Following the meetings, Dr. Gagnon and Green Seafoods Ltd. put together an NSERC Engage proposal, which funds new research collaborations with industrial partners that applies a researcher’s expertise to address a company challenge.
He recently received word that NSERC will be supporting the proposed research.
“Information generated from this industry collaboration will be used by Green Seafoods Ltd. to examine the possibility of adding urchin roe to its production line.”
Dr. Gagnon says he is thrilled NSERC is supporting this first step towards an “incredibly promising” opportunity for Newfoundland and Labrador. The funding will allow for an exploration of a variety of questions relating to land-based production of urchin roe.
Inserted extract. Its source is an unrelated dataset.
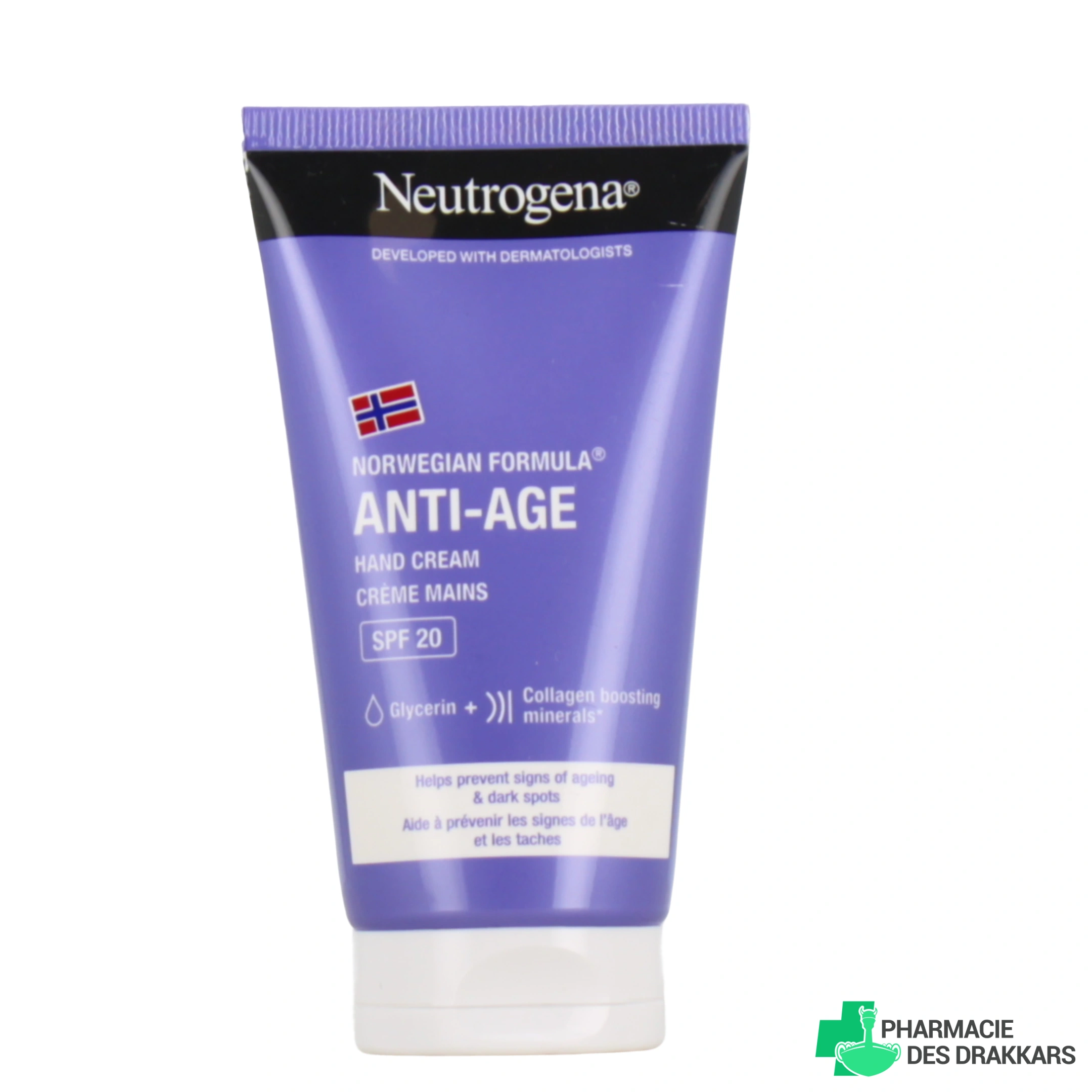 Présentation disponible sur notre pharmacie en ligne pour Neutrogena Crème Mains Anti-Age SPF 20 : tube de 75 ml.

“Specifically, the Engage project we have designed will examine in controlled laboratory conditions how water temperature affects urchin health and survival, roe quantity and quality and feed assimilation efficiency as a first step to determining if the feed can support steady commercial roe production in this province,” he said.
“Urchins at two different stages of their life cycle — before and after natural spawning — will be examined to help identify best practices. Information generated from this industry collaboration will be used by Green Seafoods Ltd. to examine the possibility of adding urchin roe to its production line to offer a competitive product on international markets when needed.”
More research required
The first stage of the project has already begun in the Dr. Joe Brown Aquatic Research Building at the Ocean Sciences Centre in Logy Bay.
The team is now talking to other industry partners and looking for additional funding from various provincial and federal programs to address further questions relating to both land- and field-based production of urchin roe, environmental sustainability and socio-economic development opportunities for the province.
Dr. Gagnon says the group has “tons of ideas” and is meeting again in St. John’s soon to discuss the way forward.
“One of my roles as the lead scientist for our growing consortium is to make sure there is a sustainable balance between creating jobs and money for the province, and preserving the ecological integrity of the systems from which urchins are collected for farming,” he said.
“I am excited to be a part of this dynamic team of collaborators and have the opportunity to further contribute my knowledge and expertise in studying natural cycles in seabed communities in Eastern Canada.”
Finding the balance
This background will be particularly useful as Dr. Gagnon and his collaborators begin studying the environmental impacts of semi-commercial, field-based trials in Southeastern Newfoundland, hopefully within the next year.
“Urchins play a key role in maintaining the dynamic equilibrium of rocky subtidal communities in the cold-marine systems of Newfoundland and Labrador,” he explained.
“Through grazing, they maintain what is called the urchin barren community state, which basically translates into areas of seabed where kelp and other fleshy seaweeds could potentially grow, but don’t because urchins there are so abundant and voracious that they easily wipe out that vegetation and prevent its re-establishment.”
While kelp assemblages provide habitat and promote biodiversity, Dr. Gagnon says a number of species depend on urchin barrens, including the urchins themselves. Their job will be to ensure they keep that balance, while the province’s social and economic landscapes benefit from it.